### THE DATA
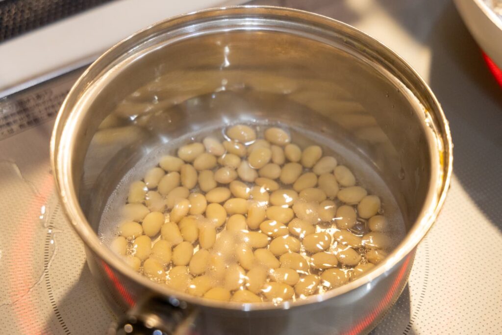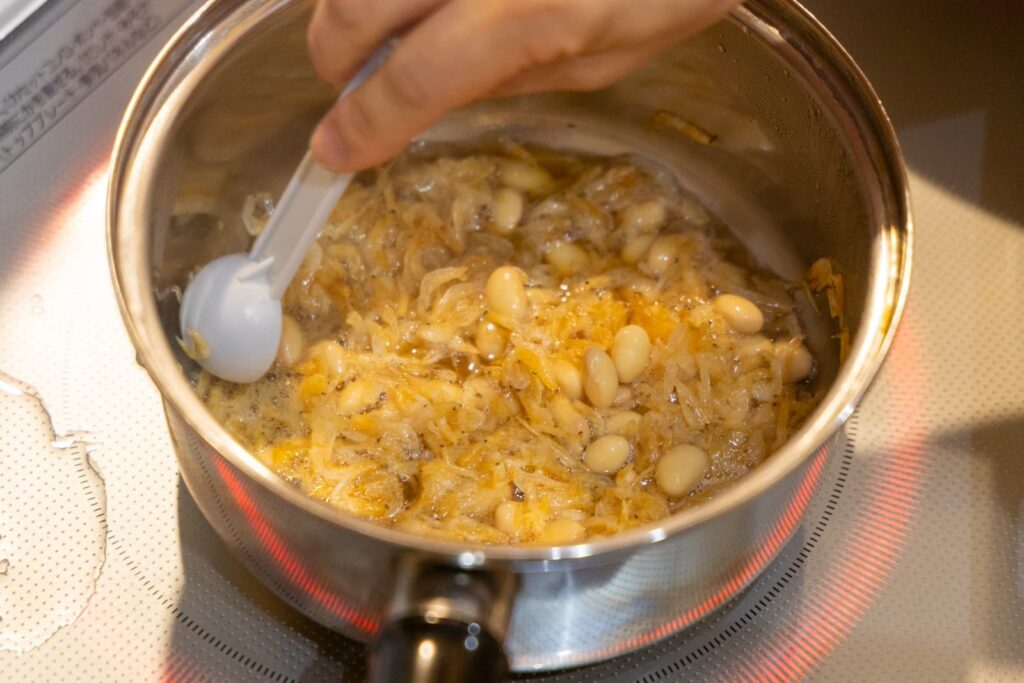 砂糖、濃口しょうゆを加え、大豆に味がつくまで煮ます。
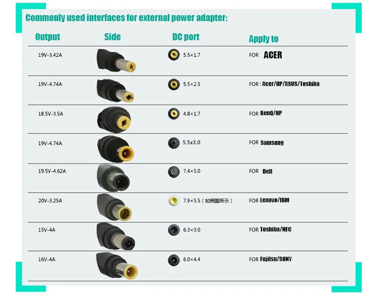 M2 | 19,5 в (90 Вт макс.) | Φ4.5*3,0 мм | Для струйного принтера HP / Compaq | 19,5 V 3.33A, 19,5 V 4.62A и т. Д. |
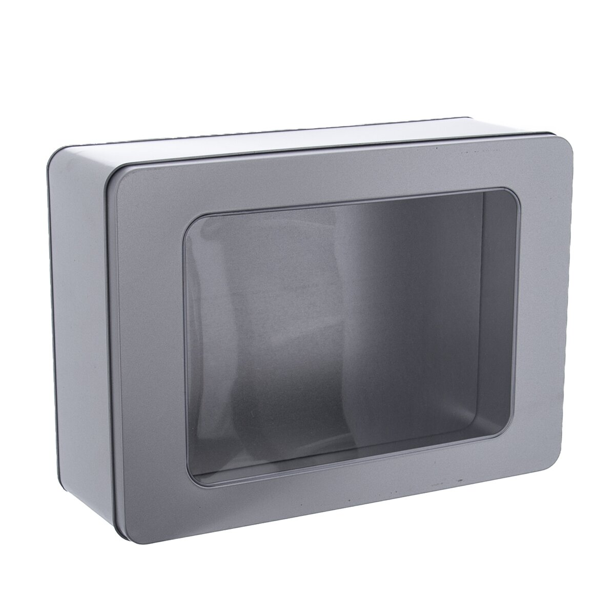 Dóza s viečkom. Skvelá ako darček naplnená vašimi vlastnými cukrovinkami. Priehľadné okienko vo viečku. Materiál: kov, plast. Rozmery: 27x19x9 cm.

### EXERCISE INSTRUCTIONS
Could the data above be repeated exactly, with every picture dropped?

### EXERCISE SOLUTION
 砂糖、濃口しょうゆを加え、大豆に味がつくまで煮ます。
 M2 | 19,5 в (90 Вт макс.) | Φ4.5*3,0 мм | Для струйного принтера HP / Compaq | 19,5 V 3.33A, 19,5 V 4.62A и т. Д. |
 Dóza s viečkom. Skvelá ako darček naplnená vašimi vlastnými cukrovinkami. Priehľadné okienko vo viečku. Materiál: kov, plast. Rozmery: 27x19x9 cm.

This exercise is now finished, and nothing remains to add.